Segment Start: Given information

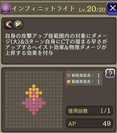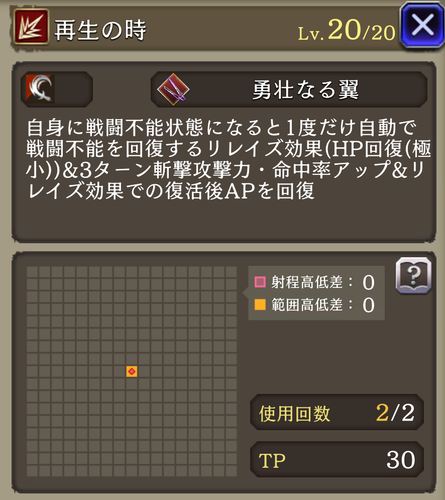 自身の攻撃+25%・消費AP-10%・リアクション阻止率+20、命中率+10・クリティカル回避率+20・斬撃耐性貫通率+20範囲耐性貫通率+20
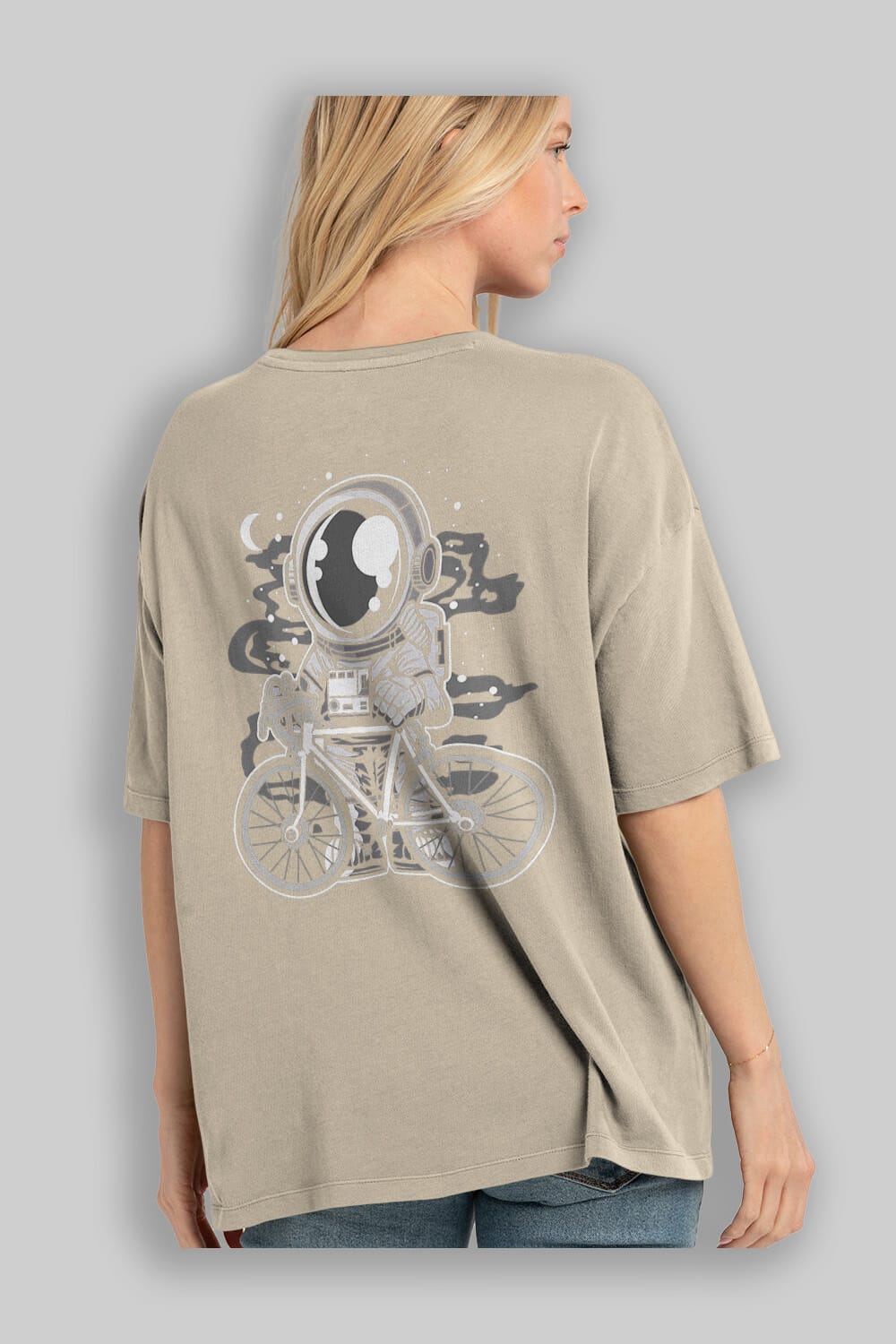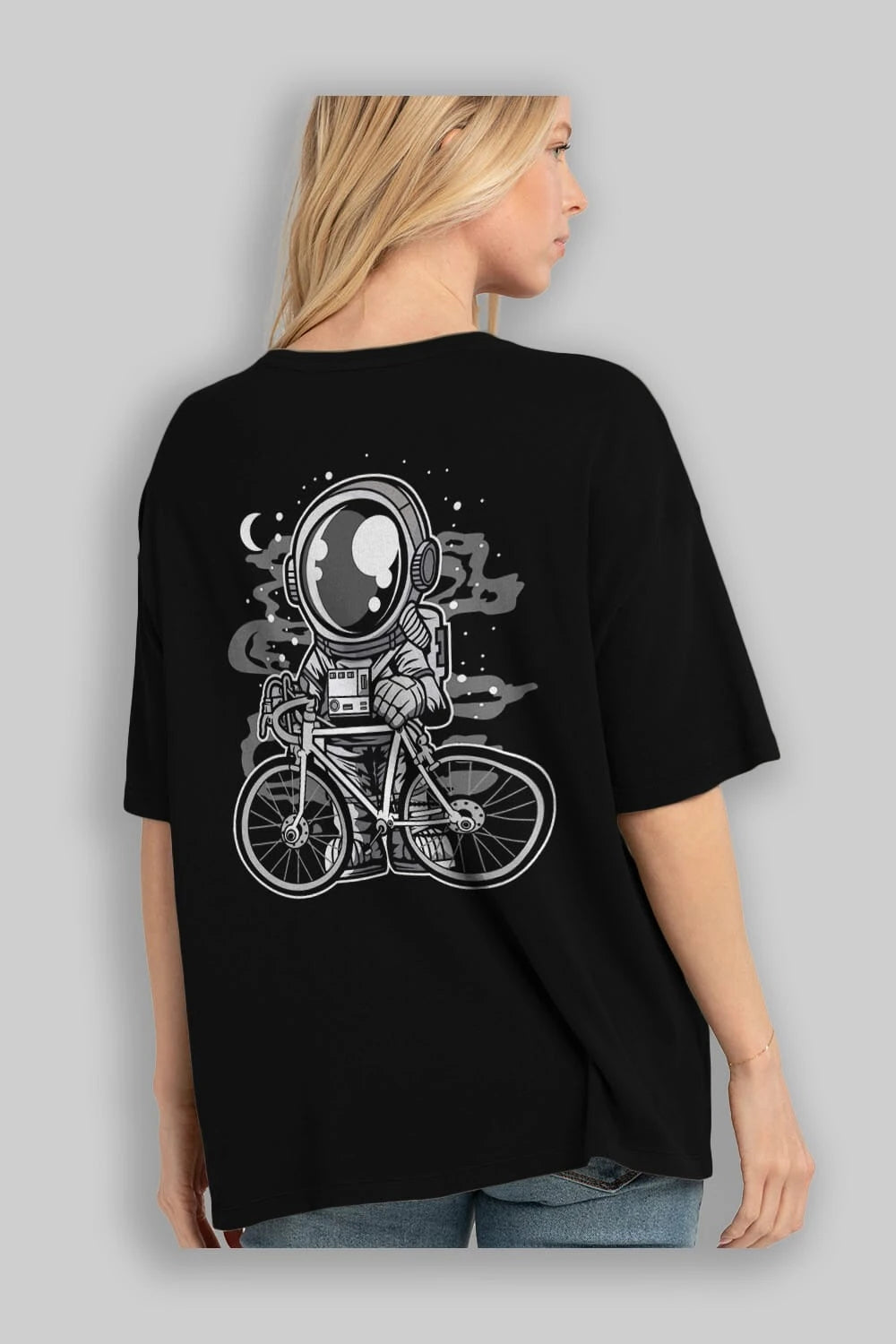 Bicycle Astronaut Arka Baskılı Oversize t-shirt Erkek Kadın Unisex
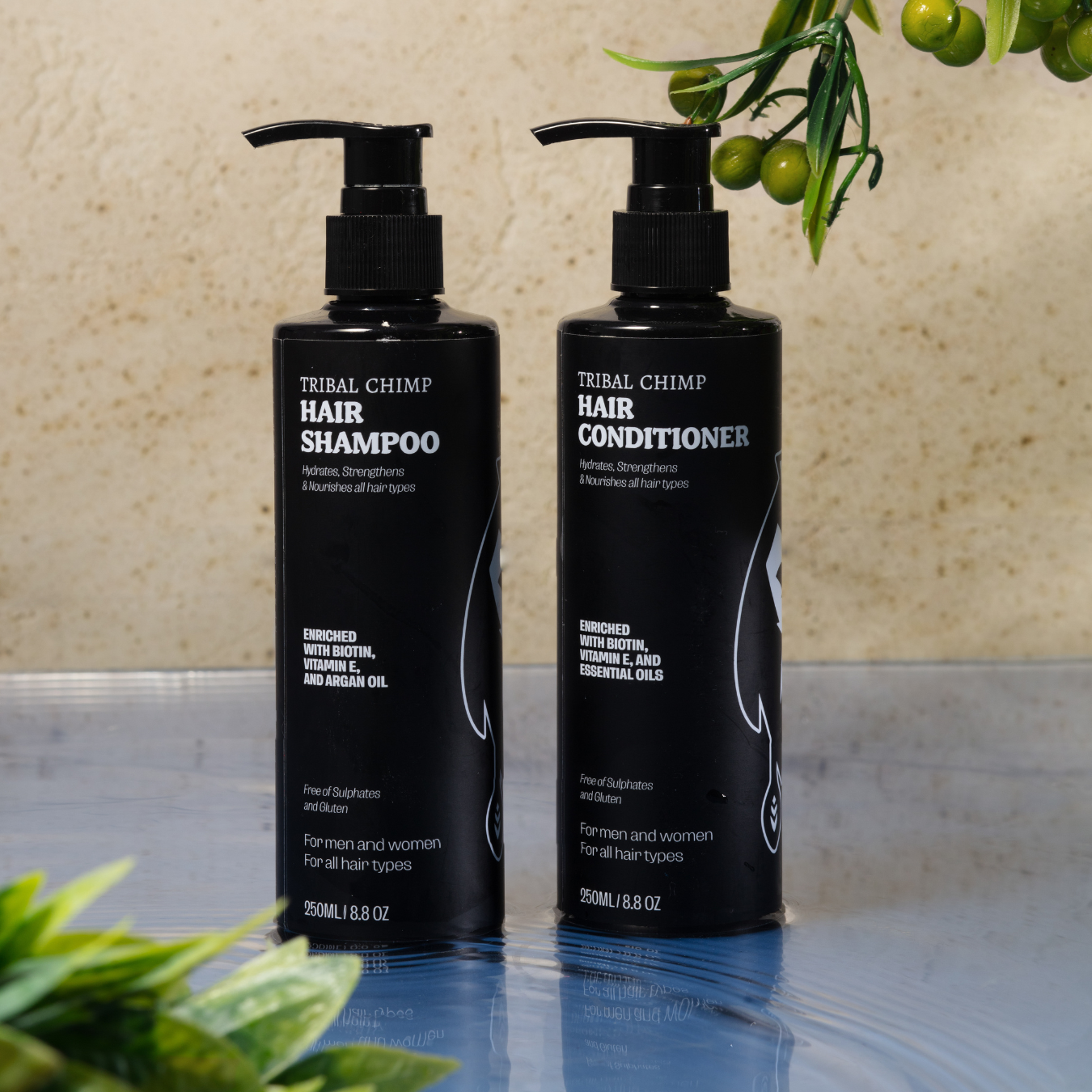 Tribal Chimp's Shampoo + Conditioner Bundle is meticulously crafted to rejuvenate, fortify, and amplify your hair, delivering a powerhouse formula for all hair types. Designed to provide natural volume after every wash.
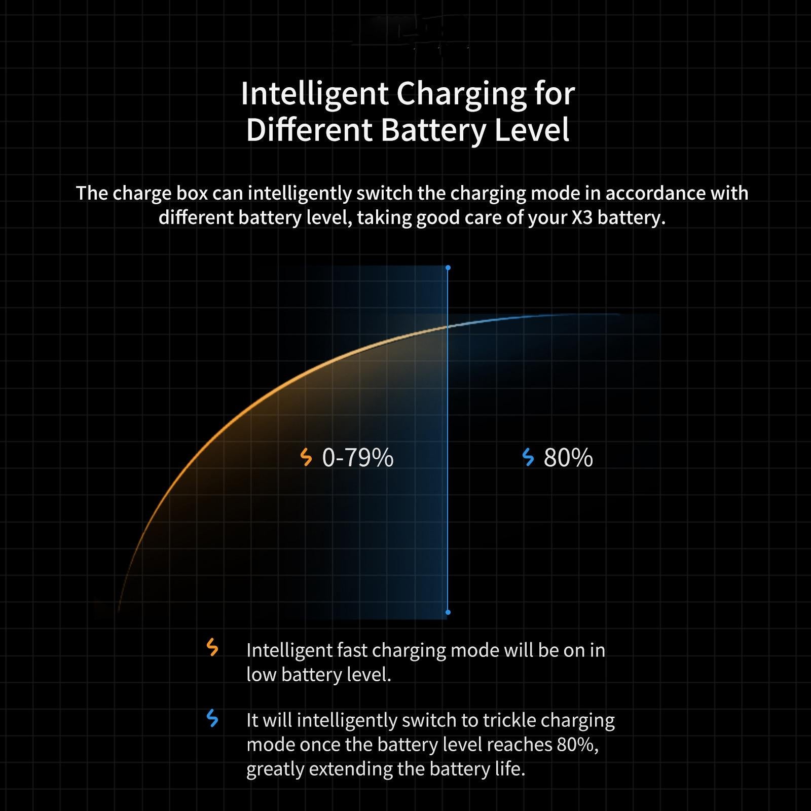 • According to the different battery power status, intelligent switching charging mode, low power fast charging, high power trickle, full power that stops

Segment End: Given information

▸ What you need to do: Exactly as written, restate the lines from the one that contains "Tribal Chimp's Shampoo" through the final line of the data, both ends included, but leave out the pictures.

▸ Output for this task:
 Tribal Chimp's Shampoo + Conditioner Bundle is meticulously crafted to rejuvenate, fortify, and amplify your hair, delivering a powerhouse formula for all hair types. Designed to provide natural volume after every wash.
 • According to the different battery power status, intelligent switching charging mode, low power fast charging, high power trickle, full power that stops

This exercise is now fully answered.